The problem is that a force field is only as useful as its accuracy. And over many years chemists had come to realize that the Lennard-Jones equation, which had provided reasonably good results with earlier biomedical simulations, broke down at the scale necessary to give good simulations of MOF behavior.
Adam Hogan, a postdoctoral fellow working in Space’s lab, wanted to bring a new force field developed by the group, PHAST, to the next level. PHAST, and Hogan’s improved PHAST 2.0, use an AI approach grounded by physics. First, the scientists trained the AI on a set of 40 molecules whose behavior had previously been published by a number of other scientists. By giving the AI the “right answers,” they could help it improve its predictions by trial and error, strengthening the connections between the data points that produced good predictions and weakening those that didn’t. Then they tested it on another set of molecules without the answers labeled, to see if its estimates remained accurate.

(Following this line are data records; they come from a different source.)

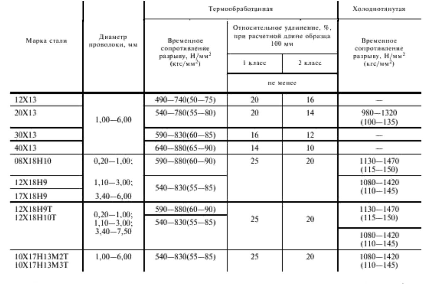 Видите, нижние в таблице марки тянутся на 25%, а 40Х13 чуть больше 10%.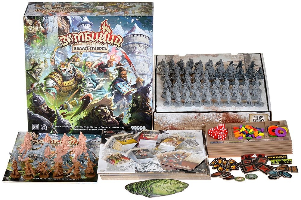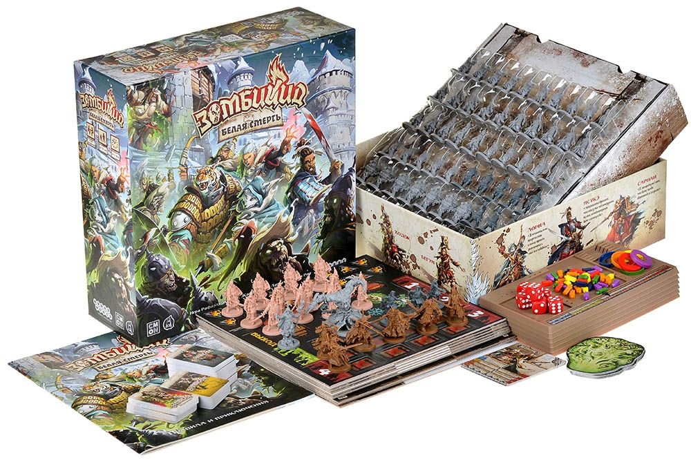 "Зомбицид: Белая смерть" – кооперативная настольная игра, в которой вы прокачиваете героев и сражаетесь с ордами зомби. Вам предстоит вести отряд отважных бойцов, искать для них снаряжение и давать отпор ожившим мертвецам на улицах холодного фэнтезийного города. Помните – победить в "Зомбициде" можно только сообща!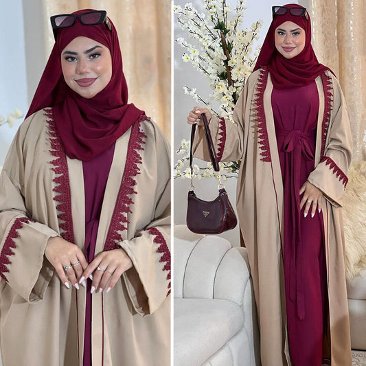 ( REF 14 ) عباية كريب برادا راقية مطروزة بالأحجار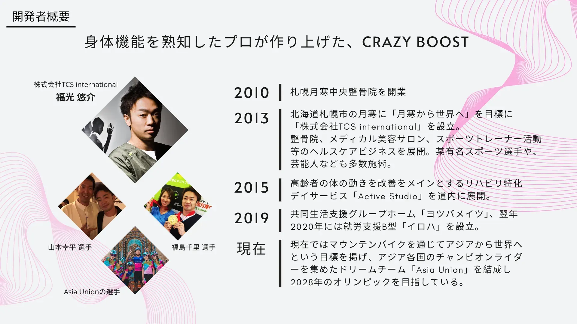 私は長年にわたり北海道にて月寒中央整骨院を開業し、様々なスタイルの暮らしを送られている方々の不調になった身体そのものを日々たくさん診てきました。その経験の中で痛感し、より深い研究と治療実践の中心になったテーマが『体の内外的健康と身体機能向上=内臓のゆがみ改善と足元から考える姿勢修整』です。またプロのアスリート方々からも専属トレーナーとしてのオファーも頂き、福島千里選手や山本幸平選手等多数の方の治療を行い、内臓機能と筋肉の関係性からパフォーマンス強化に役立てていただきました。筋肉を動かすにはエネルギーが必要です。しかし、エネルギーだけにこだわると内臓と筋肉そのものへの負担はそのままに成り実際のパフォーマンス力は落ちてしまいます!そこで今回開発した『エネルギー補給と筋肉ケア、さらに競技中のストレス軽減』を一つにまとめた製品(エナジーゼリー)がCRAZY BOOSTです!

“The amount of computation that you have to do these days, or that you can do, is unbelievable. Right? So the training set is 40 molecules. But also, there are huge cross interactions between all these things … we couldn’t do it without high performance computing. The force field development, force field testing, validation, and all the periodic electronic structure calculations … are done on high performance computers like Bridges. So we do rely on it almost entirely.”
— Brian Space, NC State
Bridges-2 was ideal for the work. Though the training set was only 40 molecules, the testing set involved hundreds of thousands of interactions. Bridges-2’s combination of training-friendly graphics processing units (GPUs) and thousands of number-crunching central processing units (CPUs) gave the Raleigh scientists the ability to refine many thousands of chemical behaviors into a single force field that reproduced their effects reliably. The team published their initial results with PHAST 2.0 in the Journal of Chemical Theory and Computation in May 2025.
Space’s grad student Matthew Mostrom, working with Hogan, then developed PHAST-MBD, applying PHAST 2.0 to a many-body dispersion simulation that reproduced in the computer a candidate MOF’s ability to separate krypton from xenon gases. PHAST-MBD was able to predict the real-world behavior of the MOF much better than previous methods. The team reported this success in the Journal of Chemical Theory and Computation in June 2025.
The krypton/xenon simulation was only the group’s first test of PHAST 2.0 against real-world MOF behavior. It’s an encouraging proof of concept that PHAST will improve simulations compared with the previous methods. Space plans a series of increasingly difficult simulations to further improve PHAST 2.0’s accuracy, as well as its applicability to a wide range of chemical separation tasks.